» **What is required**
If a line in the listing below includes the string "screen", pull it out.

» **Records provided**
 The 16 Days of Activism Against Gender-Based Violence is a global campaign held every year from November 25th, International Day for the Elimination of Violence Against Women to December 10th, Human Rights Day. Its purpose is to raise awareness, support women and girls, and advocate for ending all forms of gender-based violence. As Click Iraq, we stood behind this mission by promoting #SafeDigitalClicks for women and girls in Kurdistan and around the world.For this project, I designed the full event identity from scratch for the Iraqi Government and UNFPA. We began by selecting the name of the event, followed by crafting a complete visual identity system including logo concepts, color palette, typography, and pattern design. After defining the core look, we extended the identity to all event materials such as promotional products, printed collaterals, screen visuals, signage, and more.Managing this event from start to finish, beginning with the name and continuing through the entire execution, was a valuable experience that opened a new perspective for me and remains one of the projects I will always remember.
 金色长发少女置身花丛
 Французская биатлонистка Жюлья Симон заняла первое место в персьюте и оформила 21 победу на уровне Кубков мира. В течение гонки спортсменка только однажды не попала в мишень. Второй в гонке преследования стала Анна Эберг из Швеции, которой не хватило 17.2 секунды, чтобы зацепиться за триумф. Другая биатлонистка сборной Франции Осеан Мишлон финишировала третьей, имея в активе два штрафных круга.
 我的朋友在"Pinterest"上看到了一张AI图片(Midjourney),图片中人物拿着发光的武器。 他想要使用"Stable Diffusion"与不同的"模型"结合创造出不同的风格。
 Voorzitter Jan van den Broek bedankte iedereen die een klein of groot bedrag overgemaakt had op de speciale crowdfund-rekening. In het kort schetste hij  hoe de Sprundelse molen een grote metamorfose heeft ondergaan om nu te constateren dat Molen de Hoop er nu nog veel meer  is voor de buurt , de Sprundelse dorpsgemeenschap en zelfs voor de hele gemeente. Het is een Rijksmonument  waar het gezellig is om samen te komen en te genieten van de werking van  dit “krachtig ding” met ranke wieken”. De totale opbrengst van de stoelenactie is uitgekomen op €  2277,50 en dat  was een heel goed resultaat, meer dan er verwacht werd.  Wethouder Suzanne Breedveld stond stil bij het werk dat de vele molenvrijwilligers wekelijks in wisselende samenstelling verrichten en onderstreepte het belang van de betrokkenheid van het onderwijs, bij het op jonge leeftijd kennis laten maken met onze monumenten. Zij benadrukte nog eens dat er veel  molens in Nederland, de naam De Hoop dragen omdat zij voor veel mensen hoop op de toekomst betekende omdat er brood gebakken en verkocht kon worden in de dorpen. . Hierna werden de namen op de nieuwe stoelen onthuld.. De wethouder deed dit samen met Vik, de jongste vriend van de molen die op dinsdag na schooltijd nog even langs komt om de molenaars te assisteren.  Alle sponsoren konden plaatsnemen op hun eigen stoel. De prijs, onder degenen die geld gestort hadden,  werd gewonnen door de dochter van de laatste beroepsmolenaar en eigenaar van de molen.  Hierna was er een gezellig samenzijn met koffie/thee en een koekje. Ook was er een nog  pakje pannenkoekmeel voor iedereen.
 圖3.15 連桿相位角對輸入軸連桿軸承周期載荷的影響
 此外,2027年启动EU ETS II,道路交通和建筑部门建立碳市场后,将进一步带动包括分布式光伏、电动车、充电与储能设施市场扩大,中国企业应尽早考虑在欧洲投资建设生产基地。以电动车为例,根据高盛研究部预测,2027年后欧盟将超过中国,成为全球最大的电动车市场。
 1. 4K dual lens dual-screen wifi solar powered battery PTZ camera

---

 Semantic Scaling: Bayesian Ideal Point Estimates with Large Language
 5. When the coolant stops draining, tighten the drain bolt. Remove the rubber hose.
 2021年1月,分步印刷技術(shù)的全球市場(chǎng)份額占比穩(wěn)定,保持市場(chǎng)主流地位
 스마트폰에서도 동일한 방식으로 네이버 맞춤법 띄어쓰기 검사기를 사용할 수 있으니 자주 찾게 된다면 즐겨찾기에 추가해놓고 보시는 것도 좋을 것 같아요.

» **Exercise response**
 The 16 Days of Activism Against Gender-Based Violence is a global campaign held every year from November 25th, International Day for the Elimination of Violence Against Women to December 10th, Human Rights Day. Its purpose is to raise awareness, support women and girls, and advocate for ending all forms of gender-based violence. As Click Iraq, we stood behind this mission by promoting #SafeDigitalClicks for women and girls in Kurdistan and around the world.For this project, I designed the full event identity from scratch for the Iraqi Government and UNFPA. We began by selecting the name of the event, followed by crafting a complete visual identity system including logo concepts, color palette, typography, and pattern design. After defining the core look, we extended the identity to all event materials such as promotional products, printed collaterals, screen visuals, signage, and more.Managing this event from start to finish, beginning with the name and continuing through the entire execution, was a valuable experience that opened a new perspective for me and remains one of the projects I will always remember.
 1. 4K dual lens dual-screen wifi solar powered battery PTZ camera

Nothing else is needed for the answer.